WHAT YOU HAVE TO DO: The data is to be repeated exactly, with the images removed.

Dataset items
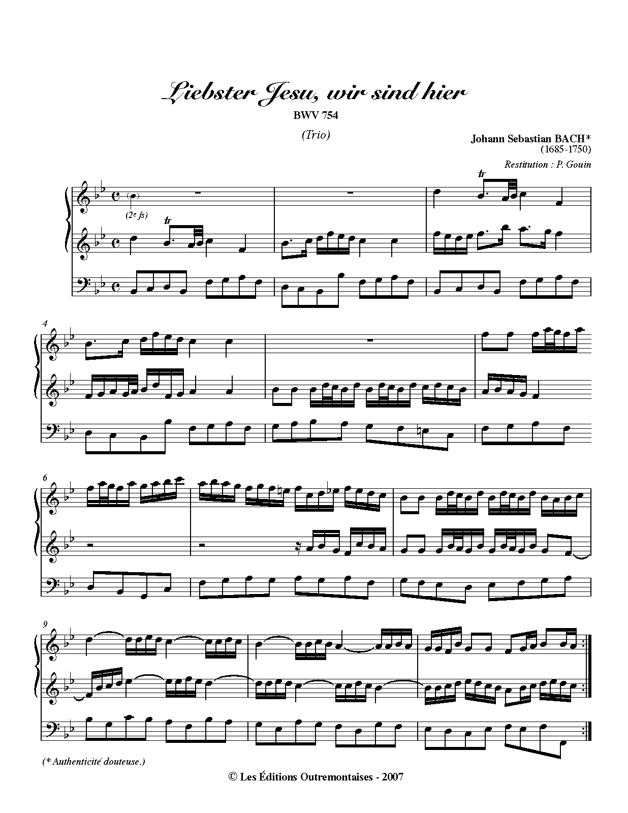 Alternative. Title Liebster Jesu, wir sind hier (à 2 Clav. et Ped.)
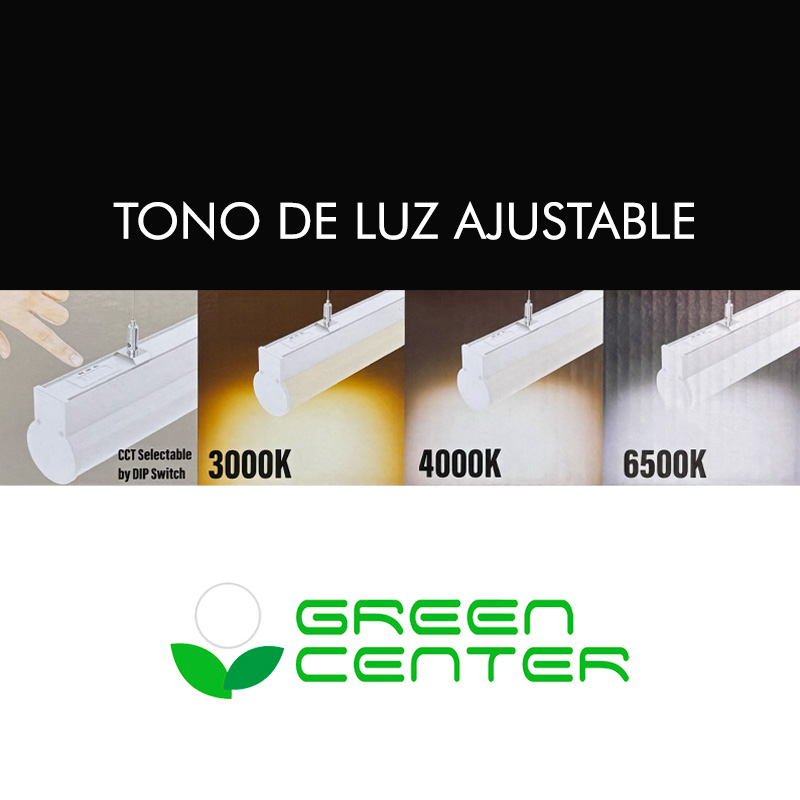 Luminaria LED lineal colgante de 1.2 metros con sistema CCT ajustable, que permite configurar el tono de luz en cálido (3000K), neutro (4000K) o frío (6500K). Diseñada para oficinas, locales comerciales y salas de reunión, ofrece iluminación uniforme con bajo consumo energético. Su acabado en color blanco y sistema de suspensión con piolas garantizan una instalación sencilla y una estética moderna.
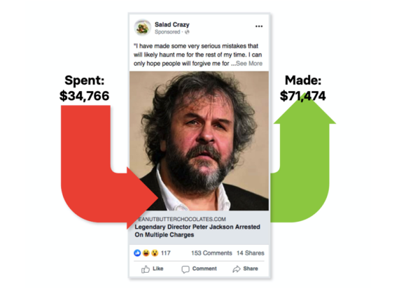 - Facebook запрещает использовать фото знаменитостей для распространения ложной информации. Ads Inc. обхитрила системы распознавания соцсети — каждая статья вела на «безопасную страницу», если кликнувший на ссылку пользователь не подходил под критерии таргета. К примеру, сотрудники Facebook попадали на страницу с блогом про еду, а не с фейковой новостью;
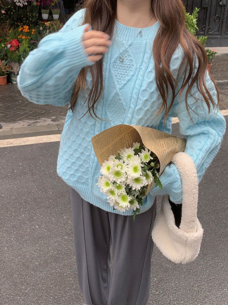 2022冬INS★レイジー風レトロ デザイン感 ツイスト模様 ニットセーター
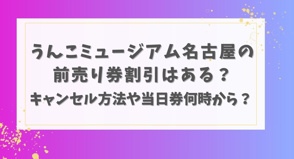 うんこミュージアム名古屋の前売り券割引はある?キャンセル方法や当日券何時から?
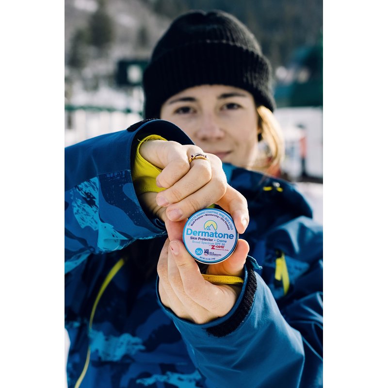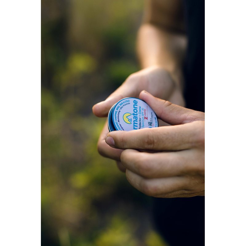 Dermatone Original Tin w/ Z-Cote SPF 30 provides lips and face protection from sun, wind, chapping and even frostbite. Our unique water-free formula incorporates a transparent zinc oxide finish, which helps moisturize the skin while providing SPF 30 sunscreen protection against harmful UVA and UVB rays. Our legendary tins fits any pocket and are perfect for all your outdoor activities. Made in USA.
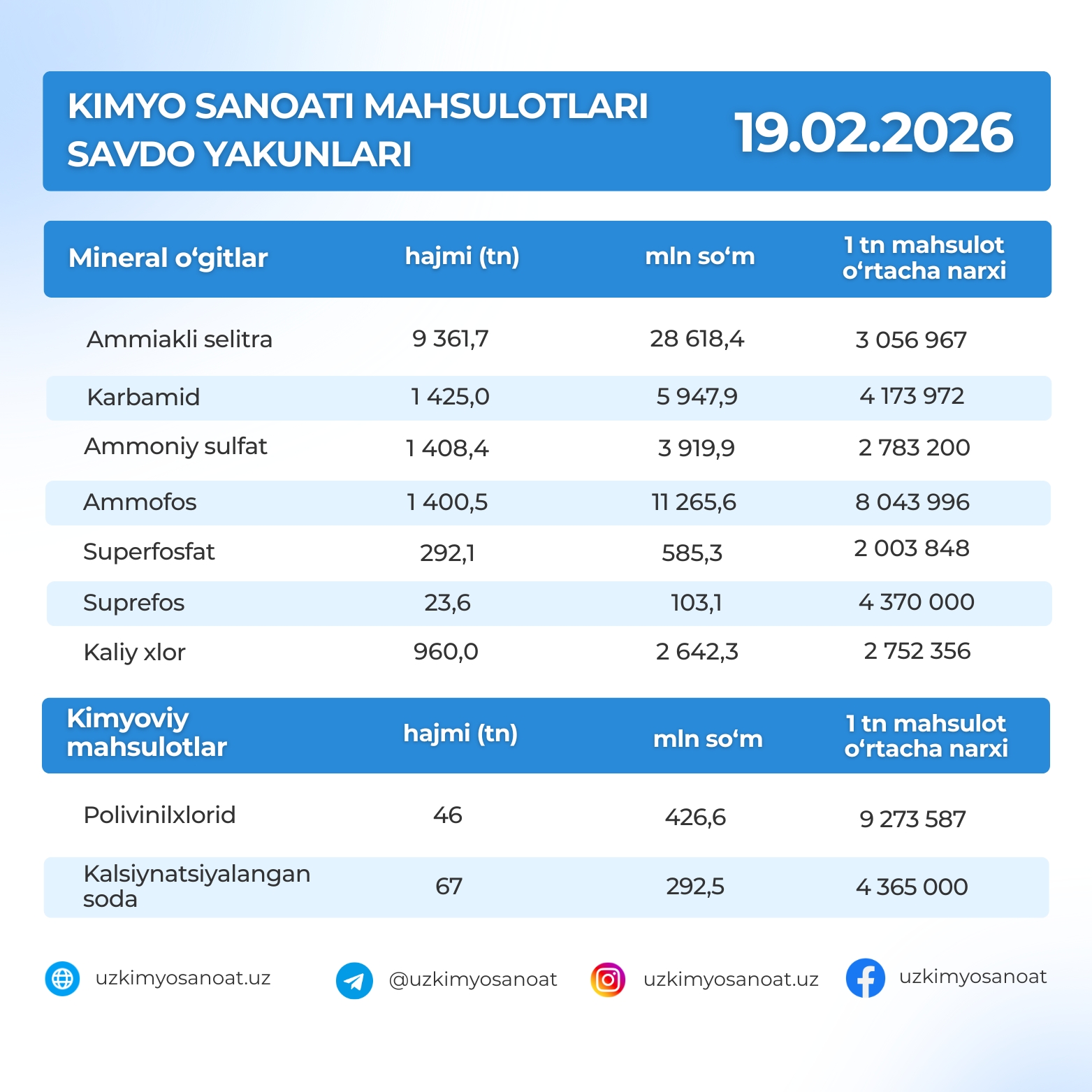 O‘zbekiston Respublika tovar-xom ashyo birjasidagi kimyo sanoati mahsulotlarining savdo yakunlari : 19.02.2026

SOLVED PROBLEM:
 Alternative. Title Liebster Jesu, wir sind hier (à 2 Clav. et Ped.)
 Luminaria LED lineal colgante de 1.2 metros con sistema CCT ajustable, que permite configurar el tono de luz en cálido (3000K), neutro (4000K) o frío (6500K). Diseñada para oficinas, locales comerciales y salas de reunión, ofrece iluminación uniforme con bajo consumo energético. Su acabado en color blanco y sistema de suspensión con piolas garantizan una instalación sencilla y una estética moderna.
 - Facebook запрещает использовать фото знаменитостей для распространения ложной информации. Ads Inc. обхитрила системы распознавания соцсети — каждая статья вела на «безопасную страницу», если кликнувший на ссылку пользователь не подходил под критерии таргета. К примеру, сотрудники Facebook попадали на страницу с блогом про еду, а не с фейковой новостью;
 2022冬INS★レイジー風レトロ デザイン感 ツイスト模様 ニットセーター
 うんこミュージアム名古屋の前売り券割引はある?キャンセル方法や当日券何時から?
 Dermatone Original Tin w/ Z-Cote SPF 30 provides lips and face protection from sun, wind, chapping and even frostbite. Our unique water-free formula incorporates a transparent zinc oxide finish, which helps moisturize the skin while providing SPF 30 sunscreen protection against harmful UVA and UVB rays. Our legendary tins fits any pocket and are perfect for all your outdoor activities. Made in USA.
 O‘zbekiston Respublika tovar-xom ashyo birjasidagi kimyo sanoati mahsulotlarining savdo yakunlari : 19.02.2026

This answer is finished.